Adam suddenly felt quite delighted that he was being
treated in such a grown-up way. He swirled the whisky round in the glass like a man of the world, holding it up to the light, thinking how nice it looked. Then, he tasted it. He took a large swig, just as the commodore had done. His first sensation was the taste of freshly dug earth, followed by the smell of old books. Something musty and old. Then the fire kicked in at the back of his throat and it was like the time he had tried to siphon petrol from a can in his dad’s garage and had swallowed a mouthful. Adam could no longer contain the liquid as the fumes shot up inside his nose and he spluttered, spraying a shower of whisky and spittle over himself and across the commodore’s carpet.

Rachel was mortified. Sensibly, she had only sniffed at her whisky deciding, wisely she now realized, against actually drinking it. “I am so sorry,” she gushed at the commodore.

“Not to worry. Merlin’ll lick it up. How old are you pair, by the way?”

“Fourteen,” Adam rasped, still wiping his lips. “I’m really sorry.”
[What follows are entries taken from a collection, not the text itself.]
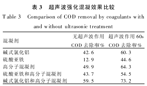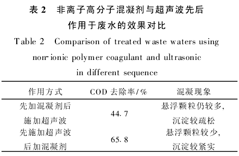在制革加工過程中,脫脂、脫毛、軟化、染色和加脂等工序所產(chǎn)生的廢水中含有大量的有機(jī)物,一般未經(jīng)處理的制革綜合廢水中COD值可高達(dá)4000mg/L~6000mg/L.目前,國內(nèi)外制革廠處理制革廢水有機(jī)物的方法主要有生物法和混凝固液分離法,將超聲波技術(shù)應(yīng)用于制革廢水處理的研究還未見報(bào)道.實(shí)際上,近年來國內(nèi)外已有一些將超聲波技術(shù)應(yīng)用于水污染控制方面的報(bào)道,如超聲強(qiáng)化處理高濃度有機(jī)廢、超聲降解水體中的環(huán)狀有機(jī)污染物、農(nóng)藥類物質(zhì)、酚類等.研究表明,超聲降解水體中的化學(xué)污染物,可單獨(dú)或與其它水處理技術(shù)聯(lián)合使用,是一種極具發(fā)展?jié)摿Φ乃幚硇录夹g(shù).本文探索超聲波技術(shù)結(jié)合混凝沉淀法處理制革廢水中有機(jī)物的強(qiáng)化途徑和處理?xiàng)l件.1 實(shí)驗(yàn)部分1.1 實(shí)驗(yàn)儀器 TC型高溫高聲強(qiáng)超聲波儀(成都市九洲機(jī)電工程研究所);攪拌器.1.2 實(shí)驗(yàn)的試劑及水樣 堿式氯化鋁(工業(yè)級),硫酸亞鐵(工業(yè)級),非離子型高分子混凝劑(本實(shí)驗(yàn)室自制).實(shí)驗(yàn)用廢水取自四川溫江科嘉制革廠的綜合廢水.1.3 實(shí)驗(yàn)方法 (1)超聲波作用條件 所用超聲波儀聲強(qiáng)為1.47W/cm2,頻率為24kHz.每個(gè)廢水樣400ml,超聲波作用于廢水的時(shí)間分別為10s、30s、60s、600s、1200s、1800s、3600s、5400s、7200s,測定超聲波作用后廢水的和混凝劑的混凝作用,控制超聲波作用最長時(shí)間為1800s. (2)混凝沉淀法處理廢水 選擇不同的混凝劑單獨(dú)使用或混合使用處理廢水,混凝劑濃度為1%,每個(gè)廢水樣為400ml,分別加入0.5ml、1ml、2ml、4ml、6ml、8ml混凝劑,相當(dāng)于樣液中混凝劑濃度分別為12.5mg/L、25mg/L、50mg/L、100mg/L、150mg/L、200mg/L,快速攪拌10min,靜置2h,取上層清液測定COD值. (3)強(qiáng)化混凝沉淀時(shí)超聲波施加方式的選擇 400ml廢水中加入1%的非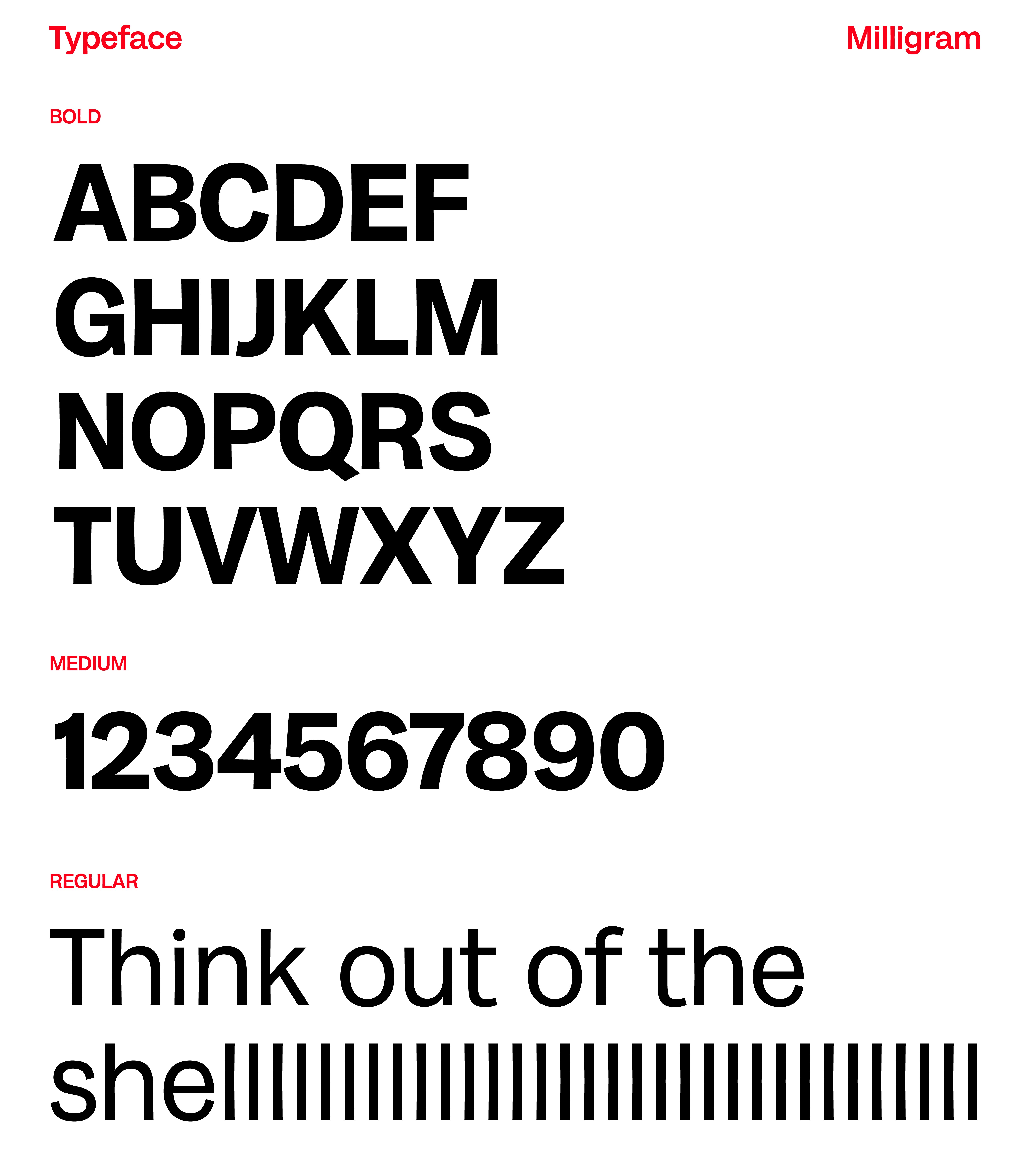 For body text, we chose "Milligram," a grotesque sans typeface designed by Cosimo Lorenzo Pancini and Andrea Tartarelli.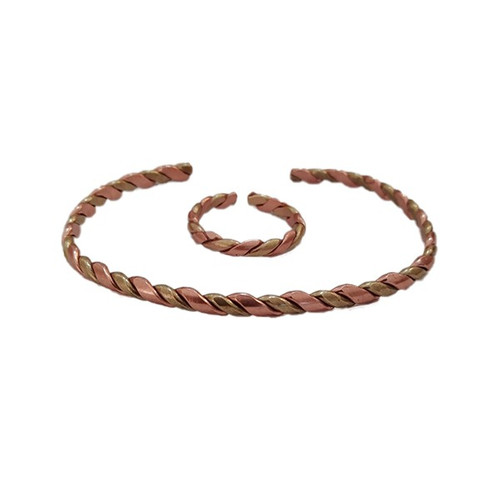 نیم ست دستبند و انگشتر مسی حلقه ای نگین دار سیاه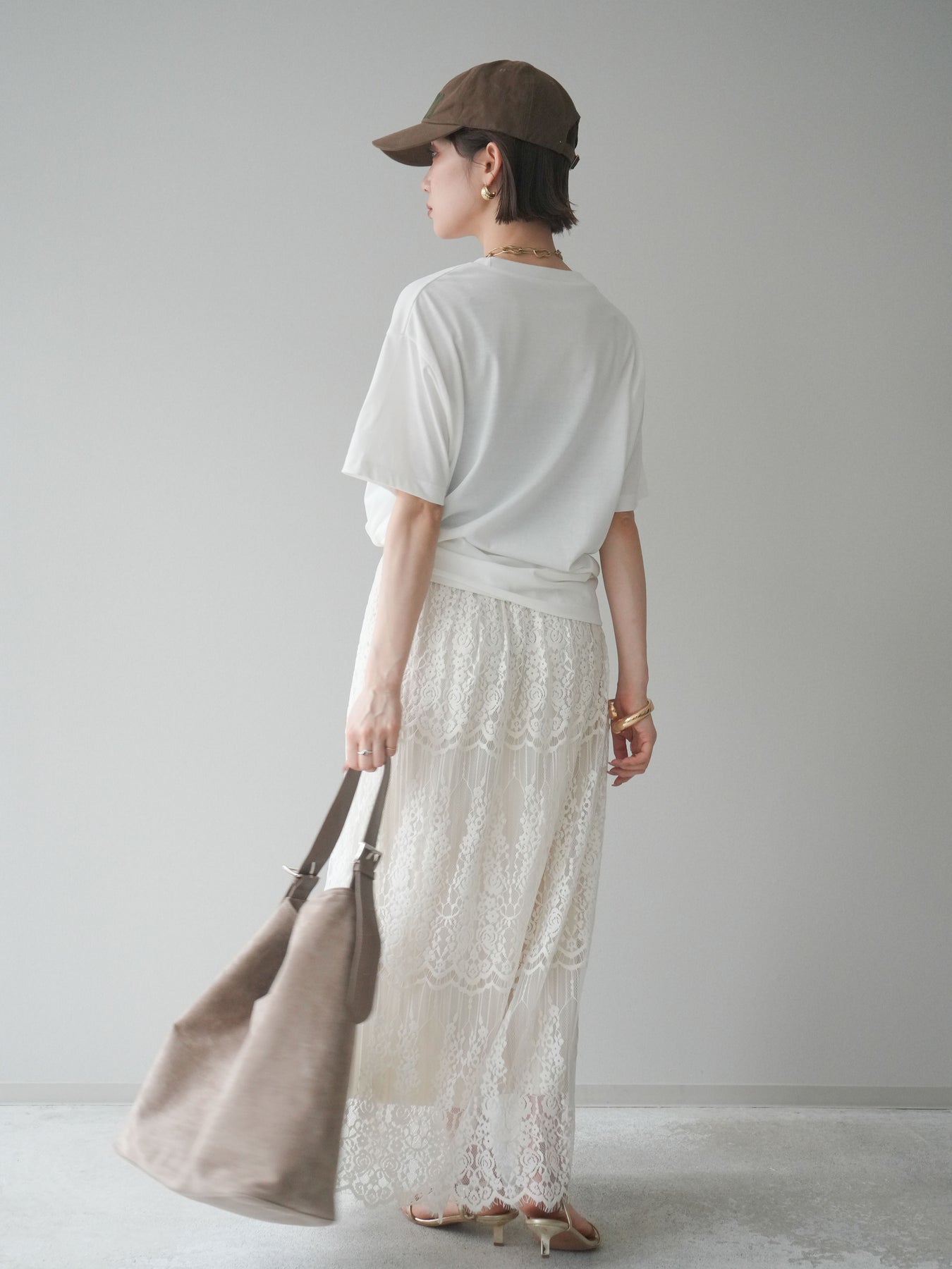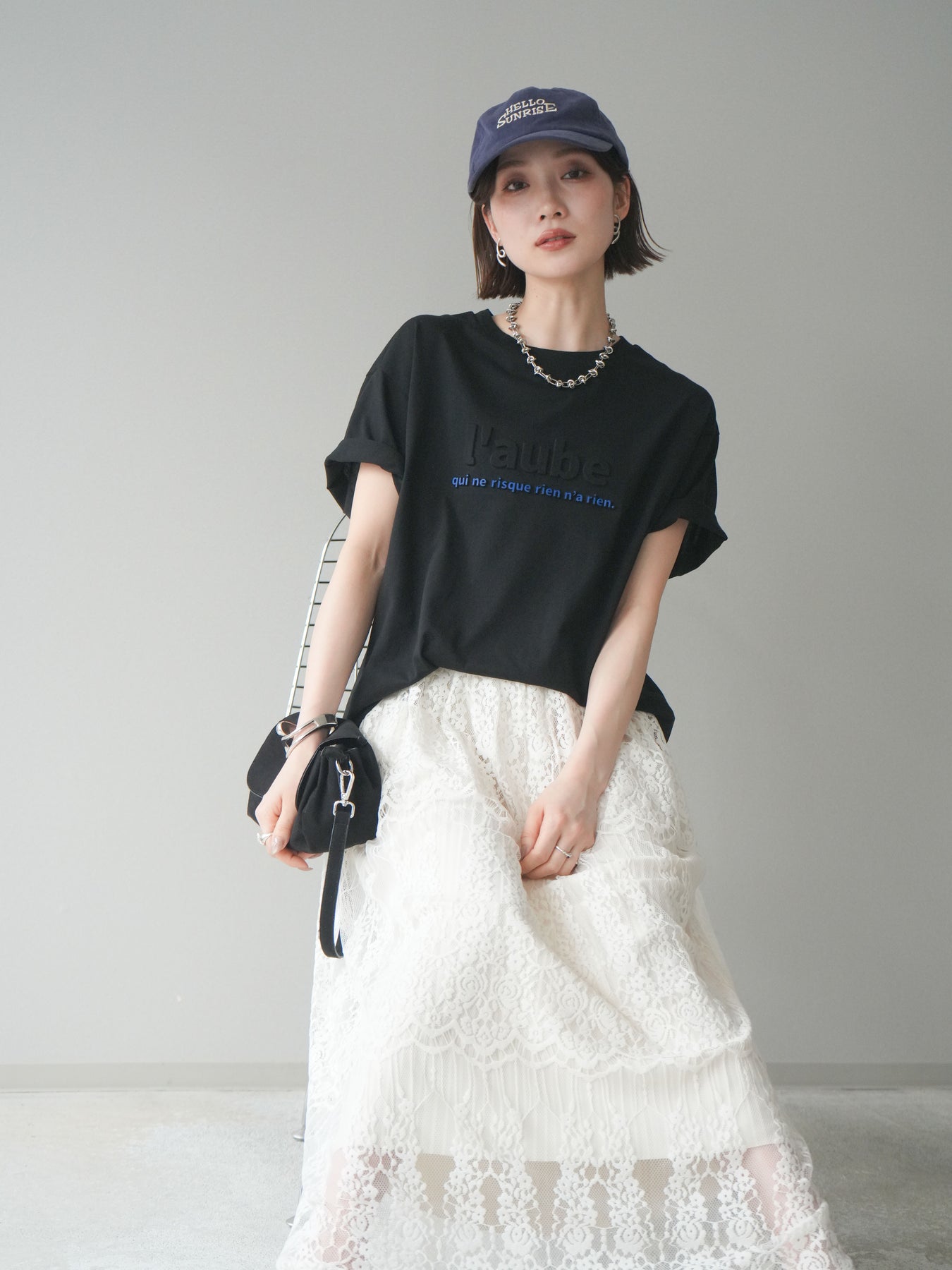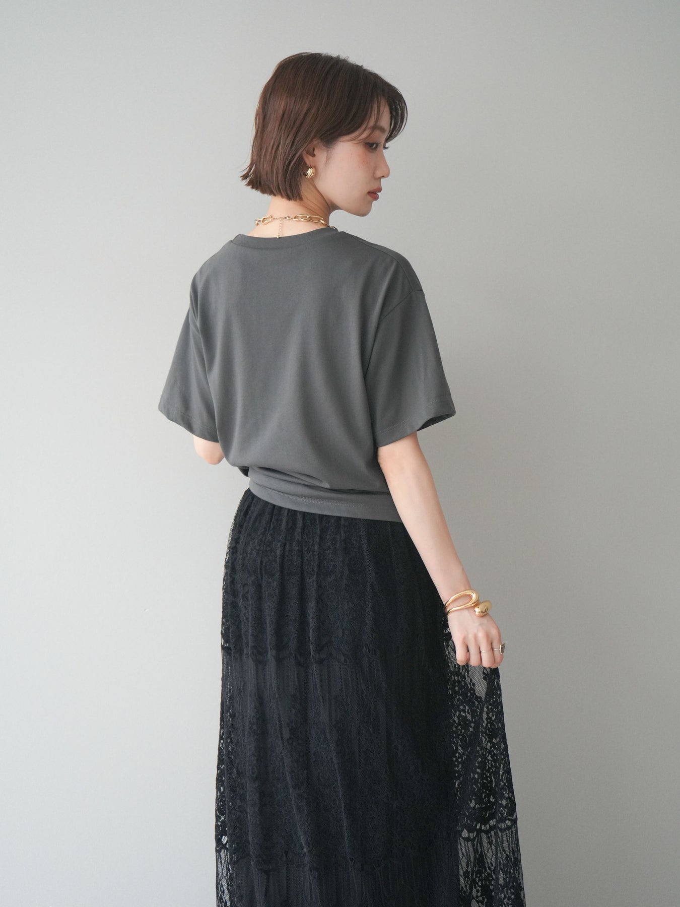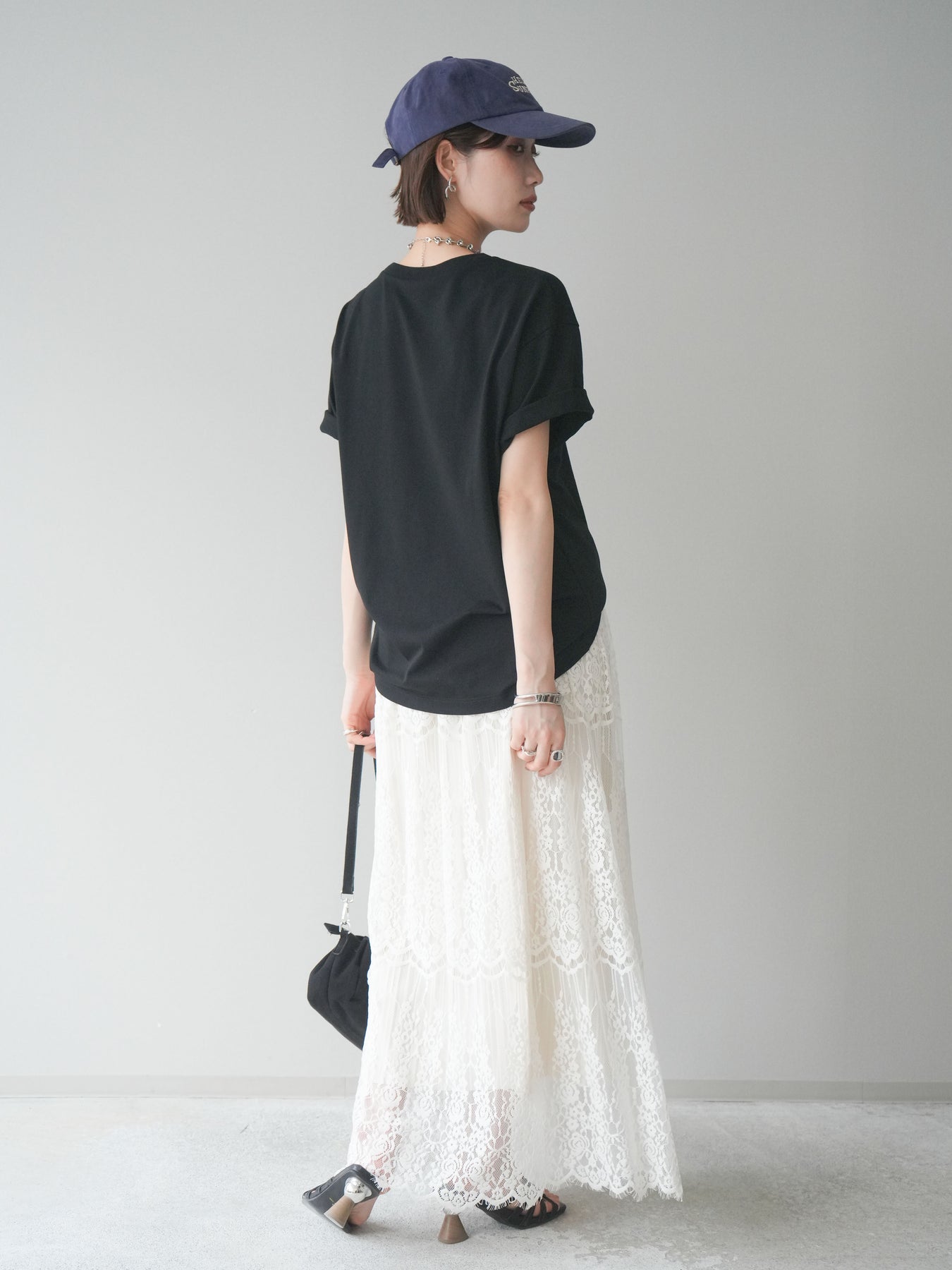 [SET]エンボスロゴTEE+裏プリーツ総レースロングスカート(2set)

“No, my fault.” The commodore knocked back the rest of his whisky. “I don’t really know what young people like, these days. Maybe we should find some tea instead. Come with me. The kitchen’s miles away…”

Rachel and Adam trotted after Commodore Wing, who marched off briskly despite his limp, out of the scruffy room and down another long corridor.

“Bit of a guided tour,” Commodore Wing said, betraying
no pleasure in giving Rachel and Adam such a treat. “Drawing room,” he said, as they entered a room far smarter than the one they had been in. The elegant, upright chairs looked to Rachel as if they were covered in silk, and old paintings of landscapes hung on each wall. “That little watercolour of the moor is supposed to be a Turner,” the commodore said, pointing at a little washy picture in the corner.

While Adam was dutifully showing an interest in what the commodore was pointing out, Rachel was drawn to the photographs on top of the piano in the corner of the room.

In a silver frame, a black and white photo showed the head and shoulders of a handsome young man. He looked like an old film star, with slicked-back dark hair and a uniform with a winged badge over the breast pocket. The roman nose and decisive jaw could only have belonged to the man who was in the room with them now. Next to it, another picture in a black frame showed a serious, good-looking young woman with a faraway stare, wearing a similar uniform. There was a colour photo of the commodore taken more recently, talking to a lady who looked like the queen. Rachel looked closer and saw that it
was
the queen.

There was one photo in a red leather frame that had apparently fallen over and lay face down. Rachel picked it up. The colour had faded and the photo looked as though it had been taken some time ago. It had been a sunny day, outside a grand building of some description, with the
commodore standing ramrod straight, hands behind his back, in a checked suit with a waistcoat. Next to him stood an aristocratic-looking young man with long hair and a beard, and a somewhat superior look on his face. He was making a “peace” sign at the camera. On the young man’s head was perched the kind of flat black hat that teachers wore in old pictures, and a cloak hung off his broad shoulders. Rachel thought it made him look like some kind of weird priest. She was captivated by the young man’s arrogant face. It seemed familiar to her, and she was transfixed by the challenge in his piercing stare.

“Who is this?” Rachel asked, waving the picture at the commodore.

“What?” The commodore spun round. “Oh, that. That’s my son, Hilary. Or, rather, was my son…”

Rachel felt as though she had put her foot in it. “Oh, I’m really sorry, is he…?”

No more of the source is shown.